Kentucky Transportation Cabinet (KYTC) officials defended a bi‑state agreement that will mirror an Indiana Finance Authority contract with HNTB to provide tolling advisory services for the Louisville bridges, and the legislature’s contracts review committee approved the KYTC item after lengthy questioning.
Amanda Spencer, assistant state highway engineer with KYTC, explained that the original contract was competitively procured with both states participating and that Kentucky’s role is a contractual mirror so the Commonwealth can pay its share under a bi‑state management agreement. KYTC said the $7.2 million figure is an upper limit and that the agency only uses what is needed.
Senator Meredith questioned the arrangement and the ongoing use of the RiverLink brand, citing prior criticism that toll collections left “millions upon millions of dollars” uncollected. “I’m voting no today,” Meredith said, adding she wanted the committee to “send a message” that vendors be held to higher performance standards.
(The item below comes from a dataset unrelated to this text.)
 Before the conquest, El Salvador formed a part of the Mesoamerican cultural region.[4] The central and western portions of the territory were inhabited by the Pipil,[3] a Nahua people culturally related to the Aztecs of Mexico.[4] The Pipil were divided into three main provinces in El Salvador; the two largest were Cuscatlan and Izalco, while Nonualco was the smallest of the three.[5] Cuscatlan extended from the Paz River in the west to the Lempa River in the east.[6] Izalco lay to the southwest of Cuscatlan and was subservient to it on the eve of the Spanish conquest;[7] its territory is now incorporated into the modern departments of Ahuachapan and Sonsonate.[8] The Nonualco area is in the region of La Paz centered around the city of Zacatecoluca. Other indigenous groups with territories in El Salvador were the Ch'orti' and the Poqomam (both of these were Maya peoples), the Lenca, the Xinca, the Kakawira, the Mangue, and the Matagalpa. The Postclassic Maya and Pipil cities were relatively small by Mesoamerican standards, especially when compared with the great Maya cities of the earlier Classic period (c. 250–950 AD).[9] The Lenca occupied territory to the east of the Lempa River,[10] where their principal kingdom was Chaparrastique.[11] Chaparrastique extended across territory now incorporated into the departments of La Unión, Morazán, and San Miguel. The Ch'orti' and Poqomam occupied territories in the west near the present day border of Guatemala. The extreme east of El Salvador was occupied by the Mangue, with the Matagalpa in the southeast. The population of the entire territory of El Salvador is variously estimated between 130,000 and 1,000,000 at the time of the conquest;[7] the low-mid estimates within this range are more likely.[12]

KYTC replied that HNTB serves as toll services adviser and helps oversee back‑office and roadside vendors. “My professional opinion … is that they have helped us improve very much,” the KYTC representative said, noting improvements in customer service wait times and revenue performance.
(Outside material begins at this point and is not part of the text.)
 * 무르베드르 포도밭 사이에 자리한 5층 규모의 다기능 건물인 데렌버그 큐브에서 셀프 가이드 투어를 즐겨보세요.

Several committee members explained their votes after the roll call. Representative Rorke said he would vote aye after learning revenues had outperformed expectations, while other legislators said a no vote registered continuing dissatisfaction with vendor performance. The committee moved the contract forward; members said the vote should not be read as endorsement without continued oversight.
Why it matters: The contract governs technical oversight of tolling for multistate infrastructure that affects commuters in Louisville and southern Indiana and involves revenue collection that funds debt service and operations. Several lawmakers signaled ongoing concern about collection effectiveness and customer service even as agency leaders said metrics have improved.
What’s next: The contract was advanced by the committee; members called for the cabinet to provide additional information on bidder lists and collection metrics in follow‑up, and several legislators said they would monitor vendor performance closely.